The chemical formula for strontium nitride is \(\text{Sr}_3\text{N}_2\). This compound is classified as an inorganic ionic substance, forming through the chemical combination of the metal strontium (Sr) and the non-metal nitrogen (N). Like all ionic compounds, strontium nitride exists as a crystalline solid in which positively and negatively charged particles are held together by strong electrostatic forces. Understanding how this specific formula is determined requires a systematic look at the electron transfer that occurs between the two elements. The final formula represents the precise ratio of atoms needed to create a stable, electrically neutral compound.
Determining the Ionic Charges
The first step in determining the formula for any binary ionic compound, such as strontium nitride, involves identifying the stable ionic charge, or valency, for each element. Strontium (Sr) is an alkaline earth metal found in Group 2 of the periodic table. All elements in this group possess two valence electrons, which they readily lose to achieve the stable electron configuration of a noble gas. By losing these two electrons, strontium forms a cation with a positive two charge, represented as \(\text{Sr}^{2+}\).
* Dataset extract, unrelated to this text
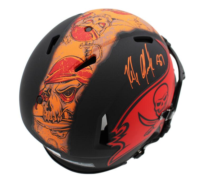 Riddell Tampa Bay Buccaneers full-size authentic on-field eclipse alternate ripped speed helmet. Hand-signed by Rob Gronkowski.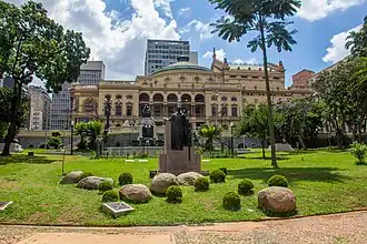 En el centro de la plaza se encuentra el monumento a Carlos Gomes, inaugurado en 1922 en ocasión del centenario de la Independencia de Brasil. El conjunto escultórico fue realizado por el escultor Luigi Brizzolara.[1][2]

Nitrogen (N), by contrast, is a non-metal located in Group 15 of the periodic table. Non-metals tend to gain electrons to complete their outer shell, and nitrogen needs three additional electrons to achieve a stable octet. Upon gaining these three electrons, nitrogen forms an anion known as the nitride ion, carrying a negative three charge, represented as \(\text{N}^{3-}\). The combination of a metal cation and a non-metal anion is the defining characteristic of an ionic bond.
Achieving Electrical Neutrality
A fundamental principle of chemical bonding is that a finished compound must possess an overall net charge of zero, meaning the total positive charge must exactly cancel out the total negative charge. When combining the \(\text{Sr}^{2+}\) cation and the \(\text{N}^{3-}\) anion, a simple one-to-one pairing would not achieve this balance, as the charges are unequal (+2 and -3). Therefore, the ions must combine in a specific ratio that allows the positive and negative charges to perfectly neutralize each other.
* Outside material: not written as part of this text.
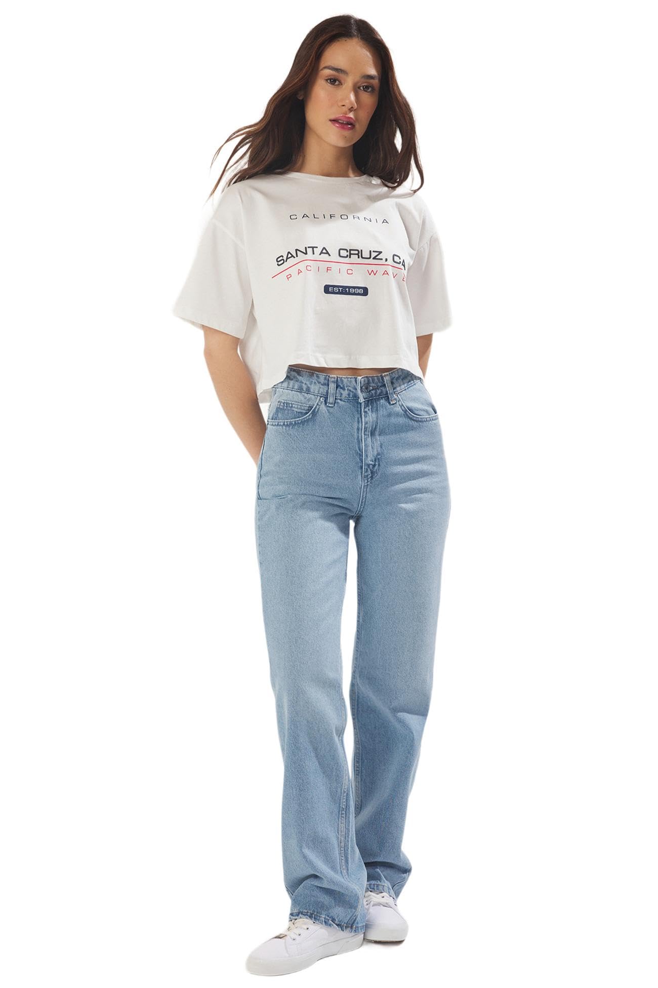 بنطلون جينز بقصة مستقيمة وخصر مرتفع لون ازرق Twoss25Je00143

The easiest way to find this necessary ratio is to determine the lowest common multiple (LCM) between the magnitude of the two charges, which are 2 and 3. The lowest common multiple of 2 and 3 is 6. To reach a total positive charge of \(+6\), three strontium ions are required, since \(3 \times (+2) = +6\). Similarly, to reach a total negative charge of \(-6\), two nitride ions are required, because \(2 \times (-3) = -6\).
The \(6+\) and \(6-\) charges sum to a net charge of zero, satisfying the requirement for electrical neutrality. This process shows that the correct ratio for the ions is three strontium ions for every two nitride ions. The ratio of the charges becomes the subscript for the opposite element in the final formula.
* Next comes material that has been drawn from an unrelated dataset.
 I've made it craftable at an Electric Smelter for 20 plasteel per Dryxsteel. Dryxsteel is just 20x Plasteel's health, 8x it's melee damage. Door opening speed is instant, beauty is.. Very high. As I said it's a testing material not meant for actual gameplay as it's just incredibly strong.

The Strontium Nitride Formula
The precise ratio derived from the charge-balancing process is codified in the final chemical formula. Since three strontium ions (Sr) are needed and two nitride ions (N) are needed, the formula is written as \(\text{Sr}_3\text{N}_2\). The subscripts ‘3’ and ‘2’ indicate the minimum number of each ion required to form the stable compound.
These subscripts are fixed and represent the empirical formula, which describes the simplest whole-number ratio of atoms in the compound. The resulting compound is an alkaline earth metal nitride, which typically appears as a yellowish or grayish solid. Strontium nitride is a relatively stable compound, though it reacts readily with water to produce strontium hydroxide and ammonia gas.